Wilson, chi pensa "fuori" non è un fuori di testa

Nel seguito di "L'Outsider" lo scrittore inglese traccia un percorso fra intellettuali disorganici

Wilson, chi pensa "fuori" non è un fuori di testa

«A me, m'ha rovinato la guerra», diceva il Gastone di Petrolini. «A me, m'ha rovinato lo sport», potrebbe dire L'Outsider di Colin Wilson. Perché nello sport l'outsider non è un vero outsider, è semplicemente un insider di terza, quarta o quinta fila: nonostante quasi nessuno lo prenda in considerazione, partecipa alla gara. E, ovviamente, le poche volte in cui è proprio lui a vincere sono tutti lì a incensarlo e a esaltarlo, alcuni addirittura (i più adulatori, i più ipocriti) fingendo l'atto di contrizione, dicendosi pentiti per non aver capito, per non aver previsto... Intendiamoci, L'Outsider che segnò l'esordio letterario di Colin Wilson, nel 1956, fu un grande successo editoriale, ma poi quella parolina magica che indicava chi sta, per indole o per scelta, fuori dal sistema (in questo caso, fuori dal sistema culturale), in ambito sportivo subì una mutazione di senso che rapidamente colonizzò altri ambiti, incluso quello della cultura.

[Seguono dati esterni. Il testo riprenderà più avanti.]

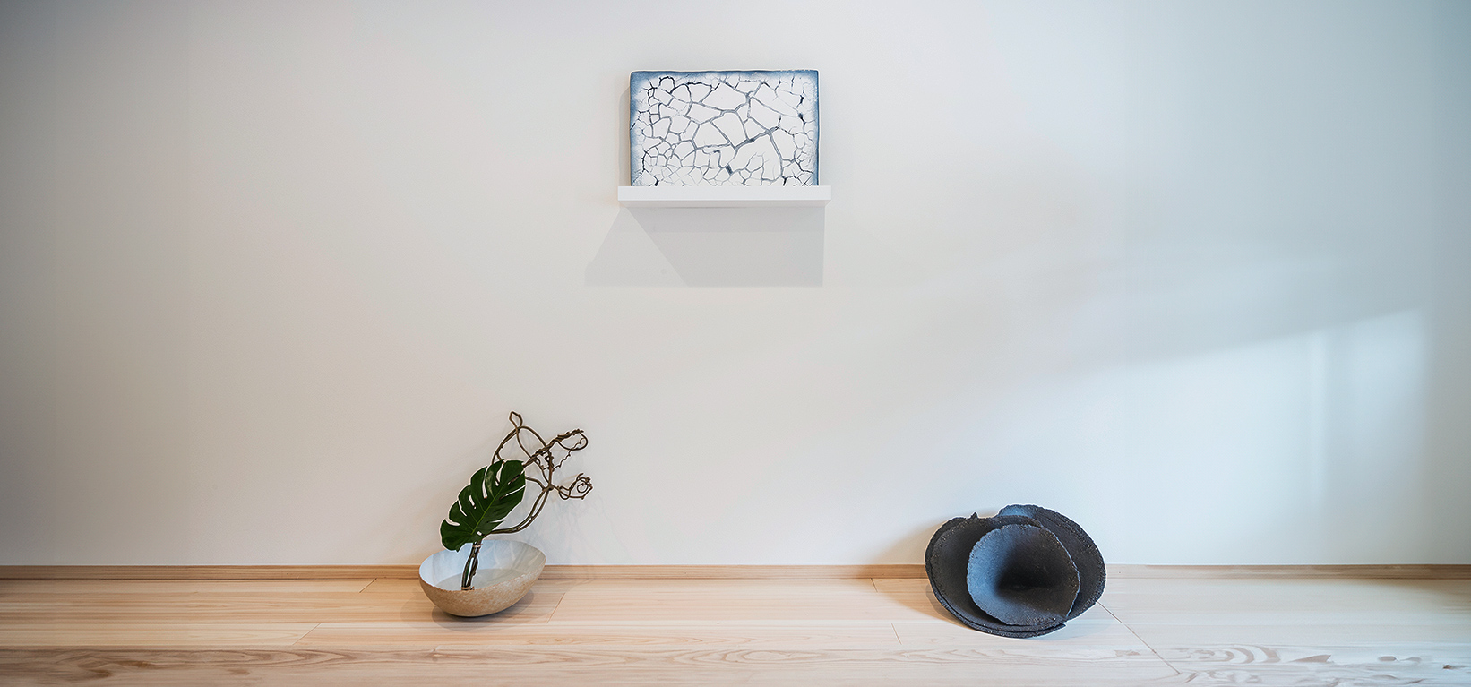 床の間に見立てたアート空間に石本藤雄氏による、

Comunque nel '57, quando scrisse a tambur battente il seguito de L'Outsider, ovvero Religion and the Rebel, che Carbonio Editore propone per la prima volta in italiano (Religione e ribellione, pagg. 365, euro 18, traduzione di Nicola Manuppelli), Wilson non poteva prevederlo. Ed è un bene, poiché qui l'autore non soltanto infoltisce la propria squadra di outsider, ma anche, e soprattutto, disegna l'intera traiettoria (nell'Outsider soltanto abbozzata) del suo concetto spesso male inteso, oltre che per colpa della vulgata sportiva, anche a causa di un certo conformismo dell'anticonformismo tanto caro, dagli anni Sessanta in poi, a larghi settori della cosiddetta cultura alternativa.

Eppure già il titolo avrebbe dovuto mettere tutti sulla strada giusta: non Religione contro ribellione, bensì Religione e ribellione. La ribellione dell'outsider come lo intende Wilson è infatti, in ultima analisi, un atto religioso. Parlando di Arnold J. Toynbee e della sua monumentale opera A Study of History, elogiata per l'antimaterialismo che la permea, Wilson butta lì una frase che potrebbe valere come motto araldico dell'outsider: «L'uomo è una linea telefonica tra Dio e il mondo e il suo compito è essere il più ricettivo possibile». E, a proposito della conversione al cattolicesimo di John Henry Newman, commenta: «Tutta la storia dell'outsider può essere ridotta ad alcuni semplici fatti religiosi: il peccato originale, la fuga dalla propria personalità, la realtà della volontà, le affermazioni esistenzialiste che la verità è soggettività, che non esiste una realtà che possiamo chiamare Uomo, che l'esistenza precede l'essenza». Stiamo parlando di un austero professore che aveva collaborato con il Foreign Office e di un cardinale-teologo: altro che lupi solitari e reietti della società...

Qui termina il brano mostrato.